赤子がいた場所に今、黒髪長髪の大人の女性があられもない姿で横たわっている……。
「いや、ごめん。殺したとかって言ったことと、お前に本気でムカついた事は謝る。……けど、これはなんだ……」
物凄い久々に見た女性の裸体に何かを刺激されそうになるが、そこは抑えて、付けている黒いマントを外す。
「なぁにって、さっきの赤ん坊ぉをぉ、成長させたのだぁ」
「はっ……!」
グルドの言葉に、マントを女性に掛けてやったままの姿勢で俺の動きは止まった。
「せい……ちょう……。え、なに、この子は……あの子……?」
「大人にぃなればぁ、泣きはせぇん」
「そう、か……確かに、まあ、そう……か……」
玉座から遠目だったし、わからんかったが……女の子だったんだ。あの赤子。
「ふむ……いや、しかし……結構、綺麗な女性に成長したもんだな」
もう一度言うが、女性の裸を見るのはかんなり久しぶりだ。だから、顔付近以外は正直見れん。
バカで魔物とはいえ、ある部分が元気になった姿をグルドに見られるのも恥ずかしいし。
「ほ……お……?」
「あ……」
赤子(だった人)の顔を眺めて見ると、丁度、目を覚ましたらしく目が合う。
「おはよう。なんか、ごめんね色々と、このバカが」
刺激しないよう、努めて、穏やかに微笑みながら赤子(だった人)にそう言葉を掛ける。
「ぅ……ぅぅ……」
「え、あれ……」
何故だろう。一応まだ人間だし、人間界で暮らしていたときは比較的無害なに奴で通ってた筈なんだが……。
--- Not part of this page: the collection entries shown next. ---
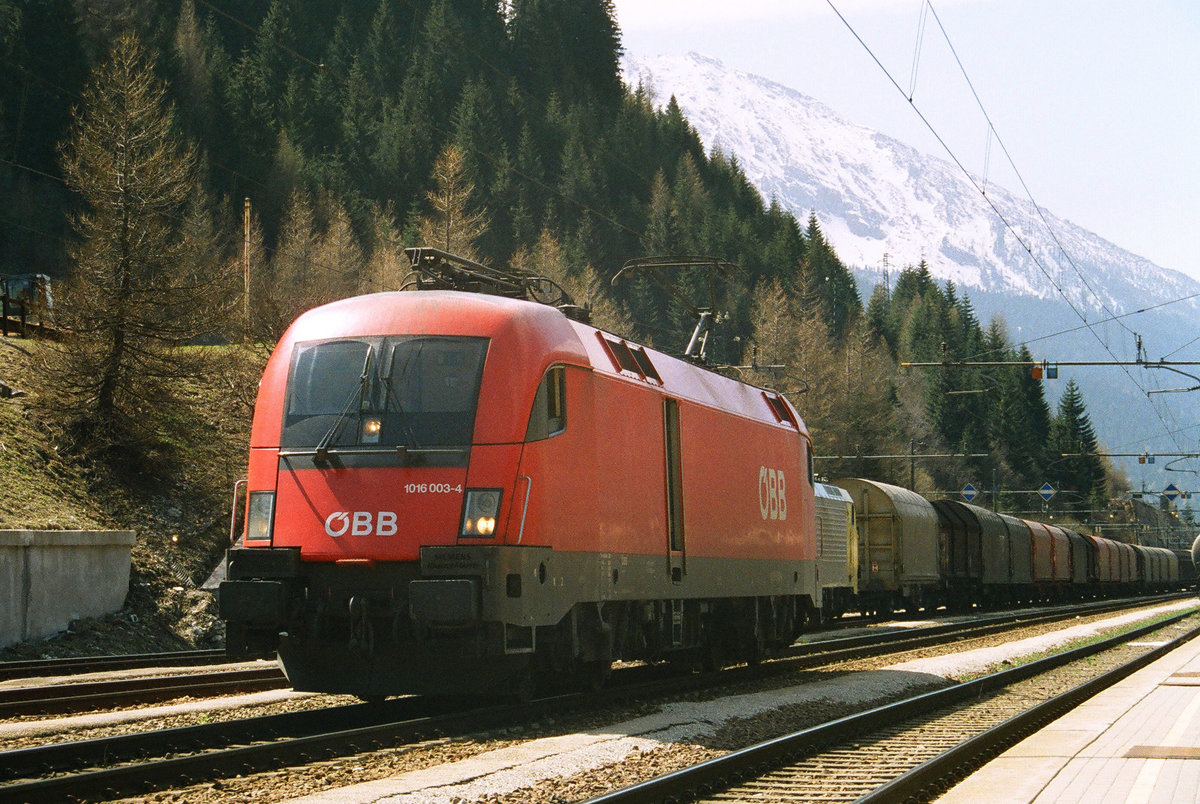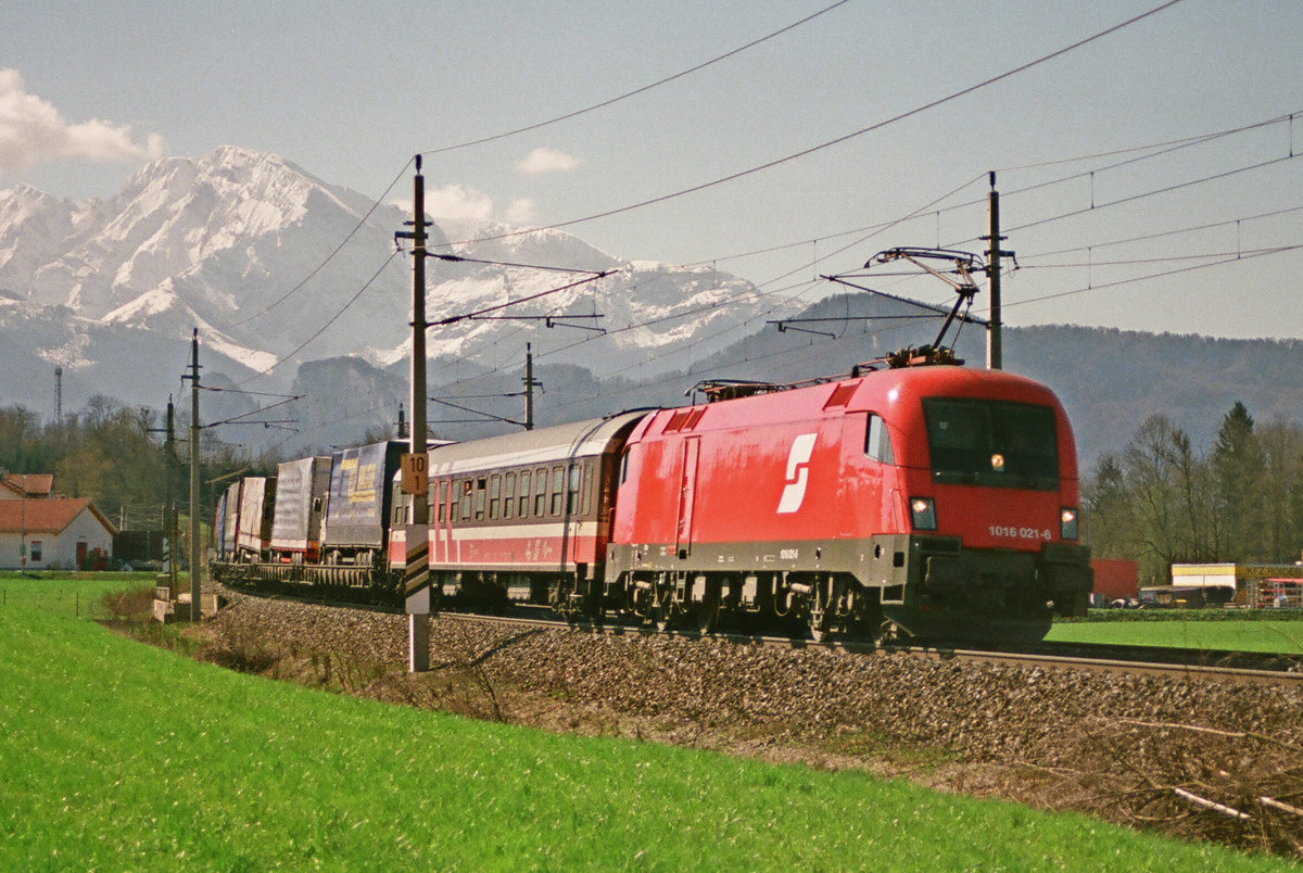 01. April 2001 bei Salzburg-Elsbethen: Der Taurus 1016 021 hat die Tauern hinter sich gelassen und wird mit der "Rollenden Landstraße" in Kürze Salzburg erreichen. Jürgen Krause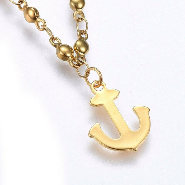 304 Stainless Steel Charm Bracelet Lobster Anchor Gold 8.2" 3mm A85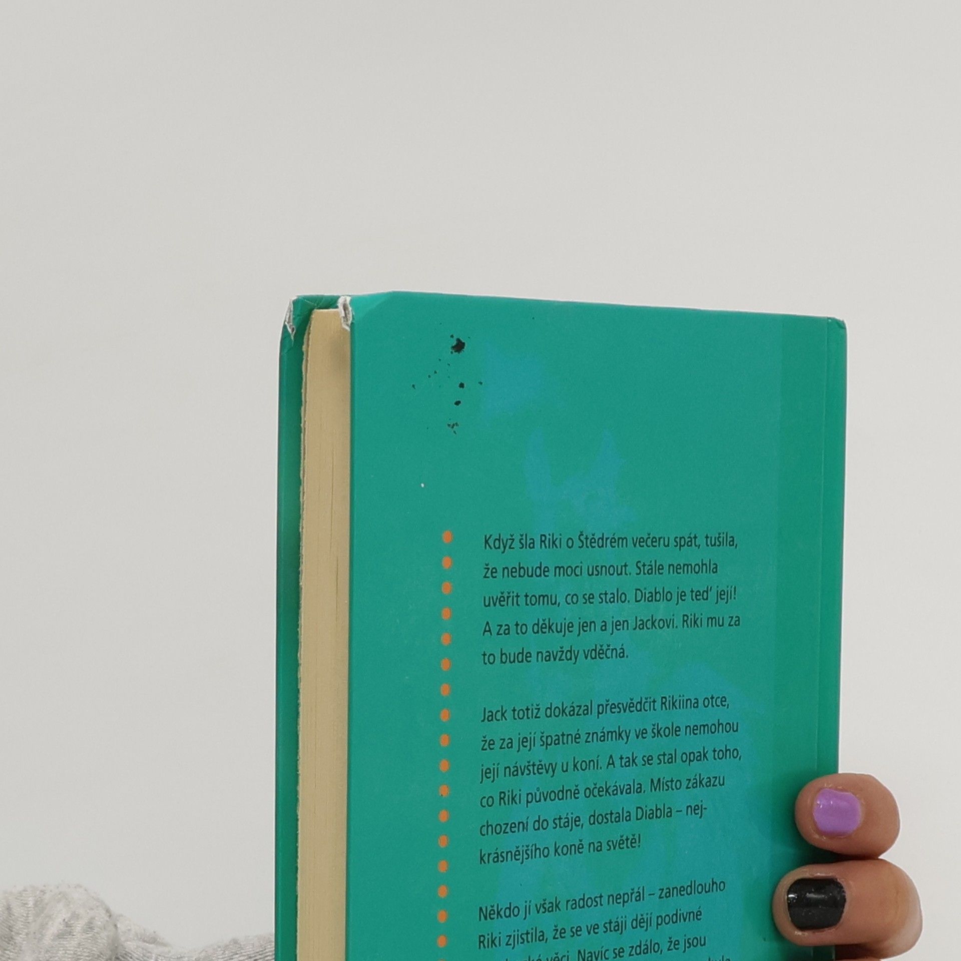 Když šla Riki o Štědrém večeru spát, tušila, že nebude moci usnout. Stále nemohla uvěřit tomu, co se stalo. Diablo je teď její! A za to děkuje jen a jen Jackovi. Riki mu za to bude navždy vděčná. Jack totiž dokázal přesvědčit Rikiina otce, že za její špatné známky ve škole nemohou její návštěvy u koní. A tak se stal opak toho, co Riki původně očekávala. Místo zákazu chození do stáje, dostala Diabla – nejkrásnějšího koně na světě! Někdo jí však radost nepřál – zanedlouho Riki zjistila, že se ve stáji dějí podivné a nehezké věci. Navíc se zdálo, že jsou namířeny proti Diablovi! Riki vůbec nebyla připravená na to, že její štěstí vyvolá u jiných lidí závist. A závist se může snadno změnit v nenávist…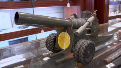 A rare three-trigger Stevens shotgun; movie camera used during WWII; Abraham Lincoln campaign token.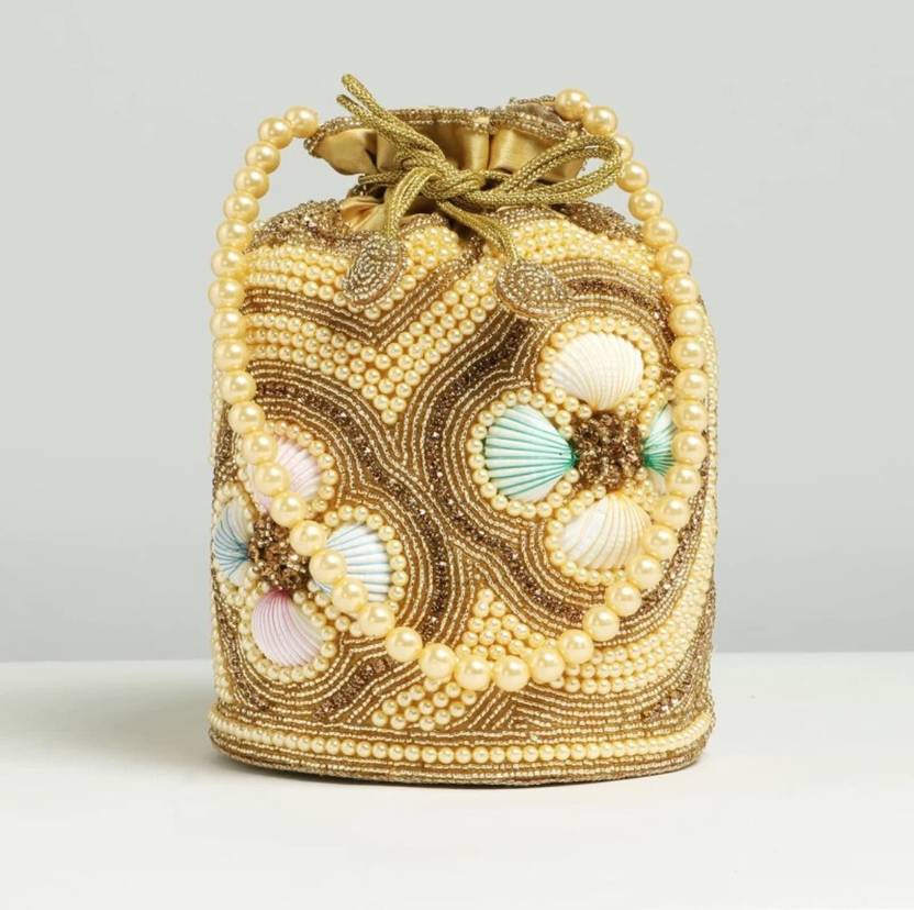 Embrace the charm of timeless elegance with this Pearl Shell Glam Potli Bag. Meticulously handcrafted, this bag features intricate pearl embellishments combined with pastel-colored shell accents that create a mesmerizing wave-like pattern. Its drawstring closure with a golden tassel offers both convenience and style. Perfect for weddings, festive occasions, or as a standout accessory, this potli exudes sophistication and grace.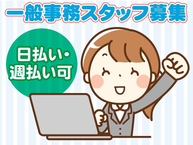 仕事内容 人気の事務スタッフ募集! 幅広い年代が活躍中! 日払い・週払いOK うれしい日勤 残業なし 16:00までの勤務OK! 【お仕事内容】 伝票作成・発注書の作成業務をお任せします <具体的には…> 1.発注書を見ながら、納品書を作成し倉庫に指示を出す 2.送り状や納品書の作成を行う 3.電話対応も行います 4.取引先のコードや、商品のコードは番号を入力すれば自動的にシステムに反映 5.特売をする店舗等あるので、その際は手打ちで金額修正 システムが入っているので、コードさえ覚えれば問題なし! 難しい作業はないので、比較的に覚えることは楽チン 【月収例】 198,450円 【1,350円(時給)×7(時間)×21(出勤日数)】 「ブランクがあるけど、 アルバイト・パートの経験や 事務経験を活かして働きたい」 「地元で仕事を探している」 「データ入力や書類整理が得意」 「新しいことにチャレンジしたい」 など 志望動機はなんでもOKです! WEBでの面接も可能ですのでお気軽にご応募ください。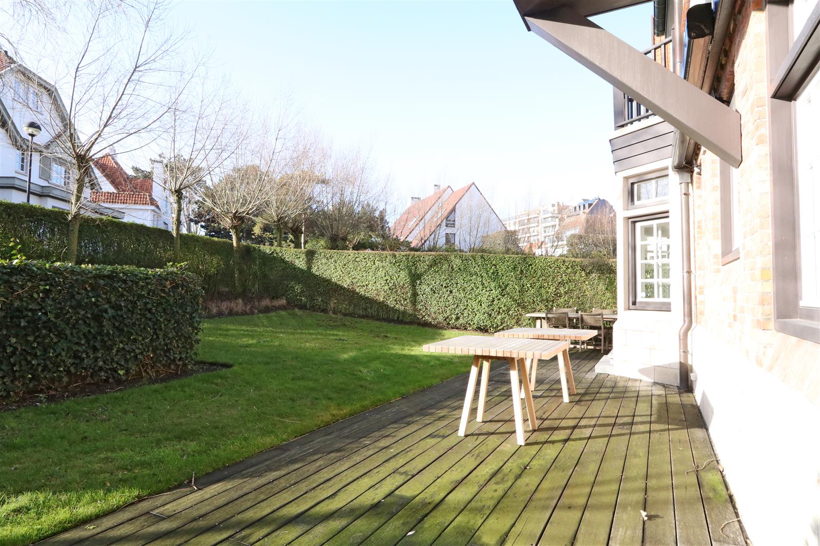 Appartement luxueux dans une résidence unique, emplacement très calme. Proche du centre et de la digue, 3 chambres à coucher, jardin et terrasse orientée au sud. Emplacement inclus dans le bâtiment.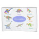 Add a Childs name to personalize this colourful dinosaur with names periwinkle pillow case and create a fun Jurassic dino bedroom. The perfect palaeontology educational gift for the girl or boy who loves dinosaurs. Dino custom bedroom decor with 12 Dinosaurs in colourful psychedelic bright colours with their dinosaur names. This fun pattern includes all the prehistoric jurassic era favourites including T-rex or tyrannosaurus, velociraptor, brachiosaurus, brontosaurus, stegosaurus, the flying pterodactyl, triceratops, spinosaurus, ankylosaurus, plesiosaurs, parasaurolophus and pachycephalosaurus a fun spelling challenge for any child. Original artwork by artist Catherine Sweetman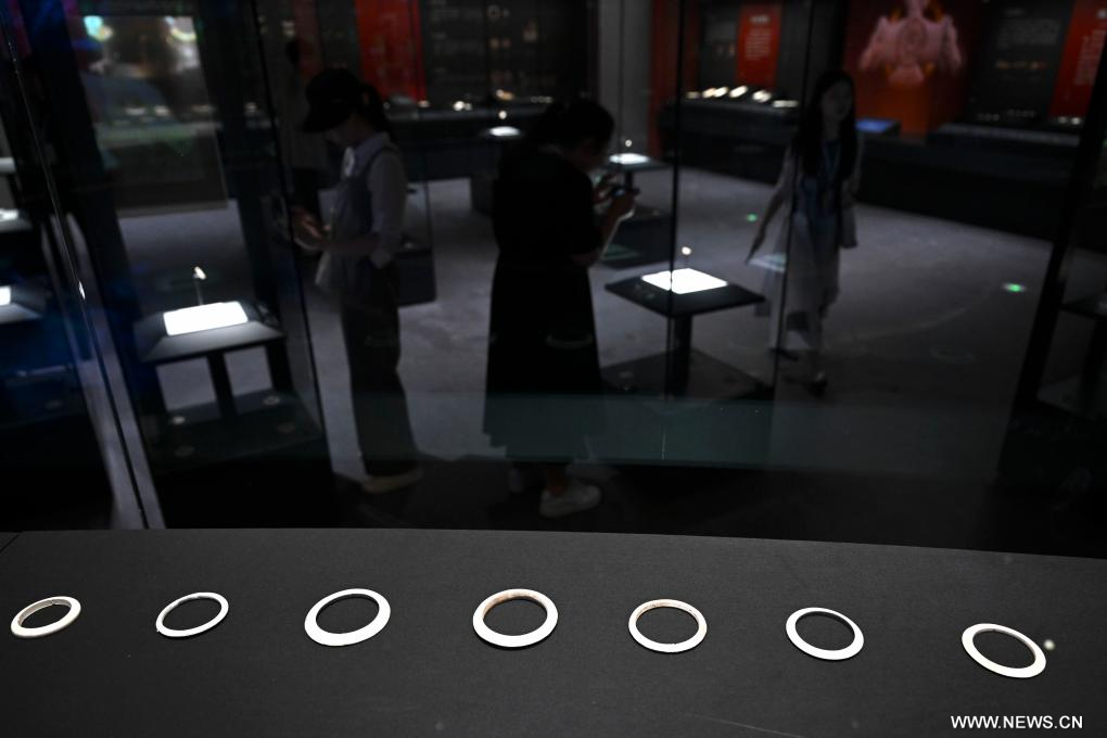 هانشان 17 مايو 2025 (شينخوا) في الصورة الملتقطة يوم 16 مايو 2025، زوار يشاهدون المعروضات في متحف موقع لينغجياتان في محافظة هانشان التابعة لمدينة مآنشان بمقاطعة آنهوي بشرقي الصين.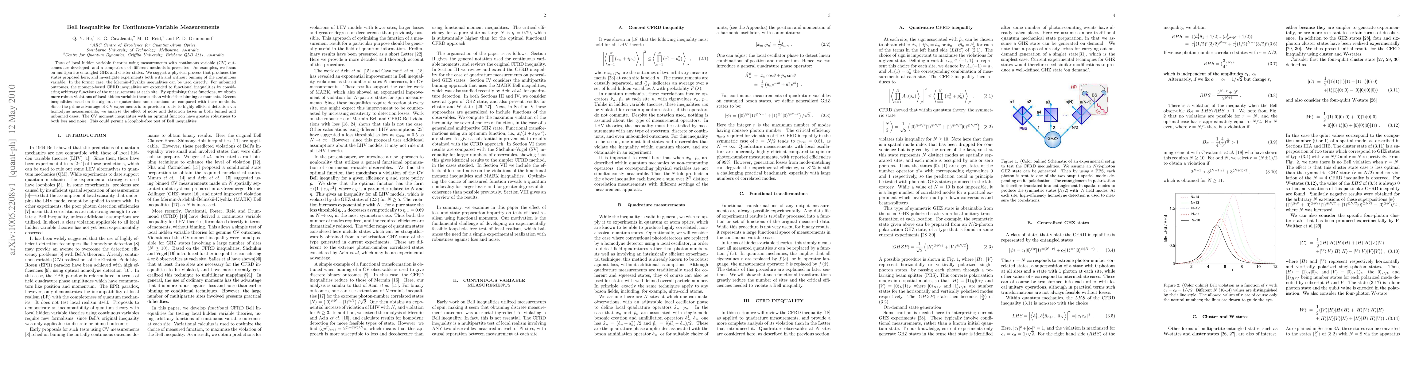 This paper develops tests of local hidden variable theories using continuous-variable measurements, comparing various methods and demonstrating that optimal functional inequalities provide more robust violations than binning or moments. It also evaluates the impact of noise and detection losses, showing that CV moment inequalities are more resilient, potentially enabling a loophole-free Bell test.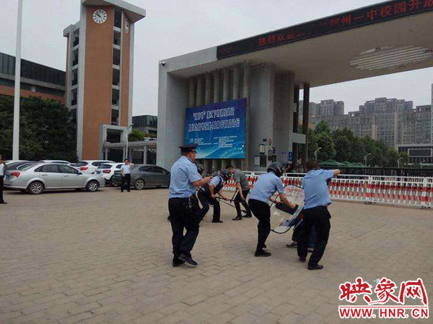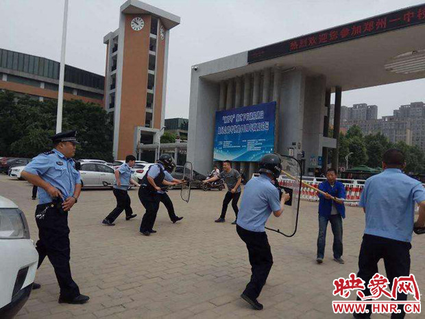 映象网(记者 王韶卿 通讯员 李东旭)为进一步提高处置突发事件的水平,提升队伍实战能力,扎实做好2018高考期间应急处突工作, 5月30日上午,郑州市公安局须水分局组织警力在郑州中原西路郑州一中门口开展了突发暴力警情演练。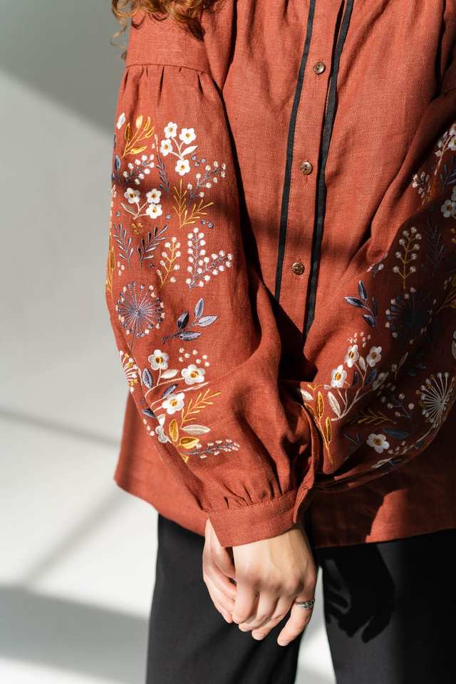 Técnicas:Tinte sencillo, Bordado, Ropa teñida, Hilo teñido, Corte automatizado

赤子(だった人)は眉間にシワを寄せて目を細め、上唇を噛み……身体を小刻みに震わし始めた。
え、つうか、これって……。
「ぅぅっ……ぎゃぁあああああああああああああああああああああああああああああああああああああ!!」
声質は先程より大人になっただけで、ギャン泣きは変わらず赤ちゃんだ。
「おい、グルド。どういうことだ、これ……」
「はぁっはは。成長ぉうしただけでぇ、中ぁ身はぁ、赤ん坊ぉみたいだぁなぁ」
「あぁ……お前ぇ……やっぱいらんことしたのかぁぁ……」
出会ってから今まで、グルドのせいで頭を抱えた経験は珍しいことじゃなく、なんならいつもだが、この日は特に記憶に残る出来事であり、グルドに失望したのもこの日が一番だったのは間違いない。
これが、俺と彼女が初めて出会った経緯だ。